Britain has lost or is losing many of its publicly owned assets — water, rail, schools, the London Tube, air traffic control — and the BBC is sliding irretrievably downward, which will mean the slow death of literacy in a nation that used to lead the world.

Here in Canada, we have a government at war with its own bureaucracy, “equality” for women is officially no longer sought, the CBC is running criminally short of money, our infrastructure is cratering, we have no plan to cope with, much less reduce, global warming, Parliament’s question period sounds like peasants fighting with cudgels and pikestaffs, and the government plays fast and loose with the desire of Canadians not to be irradiated.

And no one is demonstrating. No one is orating, or even shouting. We’ll get what’s coming to us. It’s what happens to people who don’t defend their rights.

This Week

Here’s another example of Canadian willingness to take abuse without question.

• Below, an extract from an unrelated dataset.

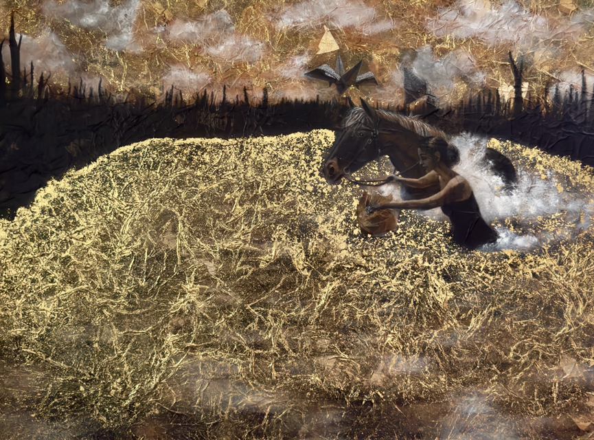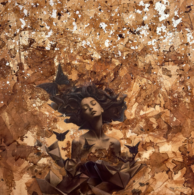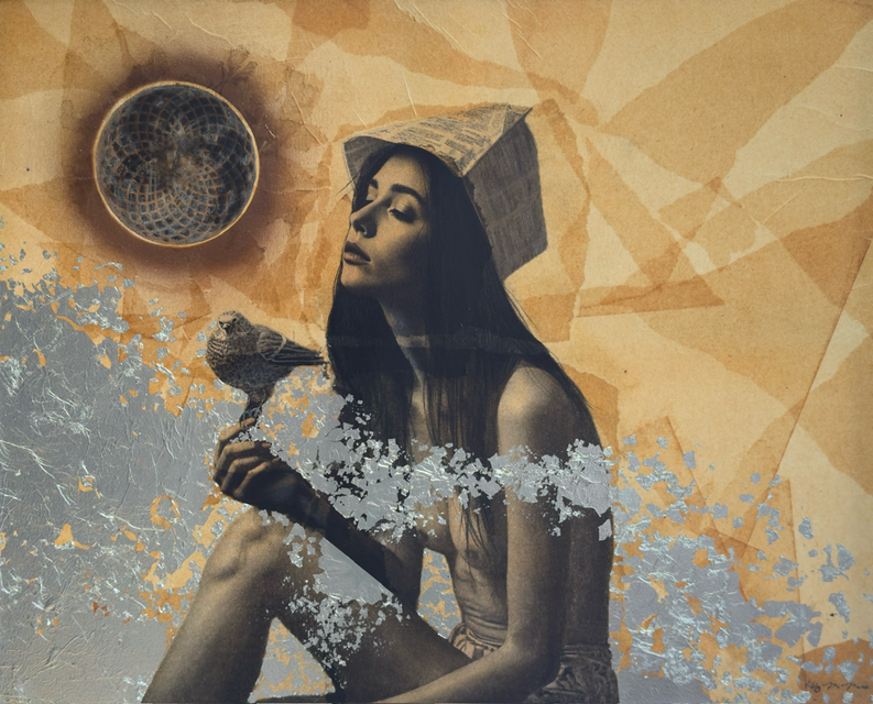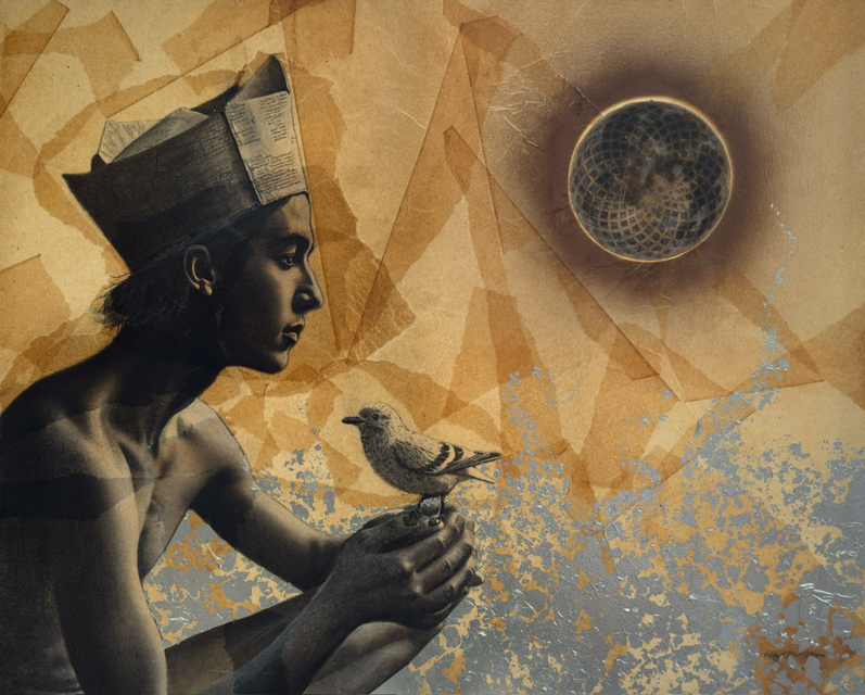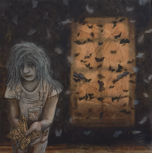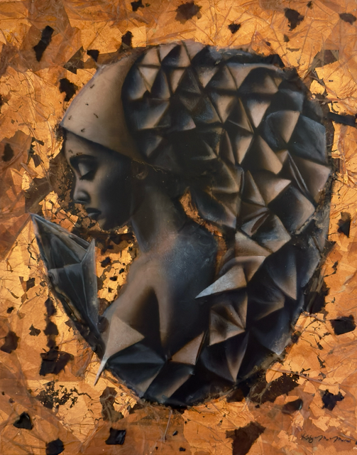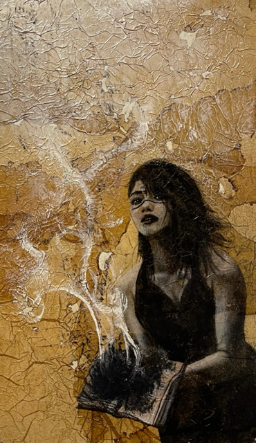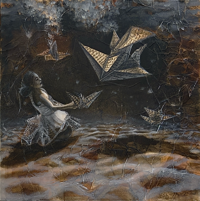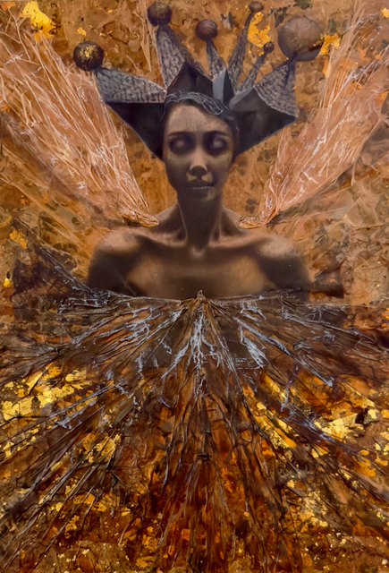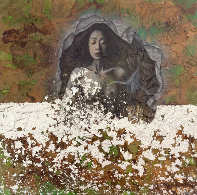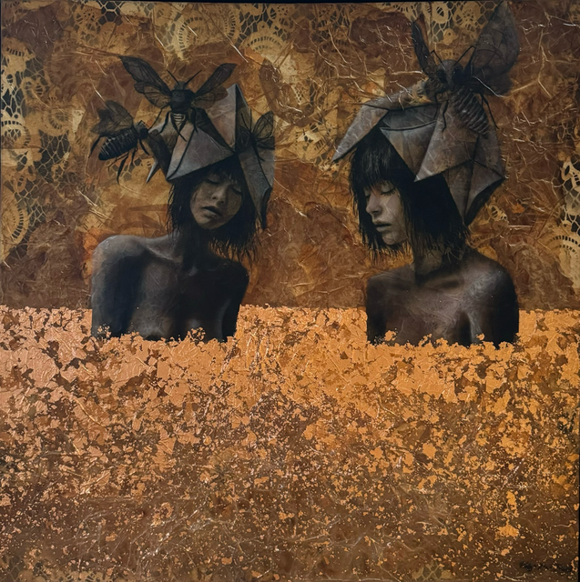 pastels/oils & silver leaf on cicada wing paper mounted on canvas

It was recently alleged (unfairly, I think) that a Texas prosecutor referred to blacks on a Houston jury as “Canadians,” thus leading some Canadians to think they were regarded as lesser.

In fact, many Texans would not even be aware of the existence of Canada. What they do know is the Canadian River, a tributary of the Arkansas River, that runs east-southeast through the Texas Panhandle. It derives from the Mexican-Spanish word “cañada,” meaning “small canyon” or a cliff edge along a river that is a natural barrier for sheep herds.

The tilde over the n was dropped by ye olde mapmakers, “Canadian” became a Texas slur, and today Canadians are mystified by news of their unpopularity in George Bush’s hometown.

Here’s your prize: The above information comes from Annie Proulx’s 2002 novel That Old Ace in the Hole, about young Bob Dollar, an agent for industrial hog farming, who sets out to buy up land in the Panhandle. It’s a great novel, although you will never eat pork again.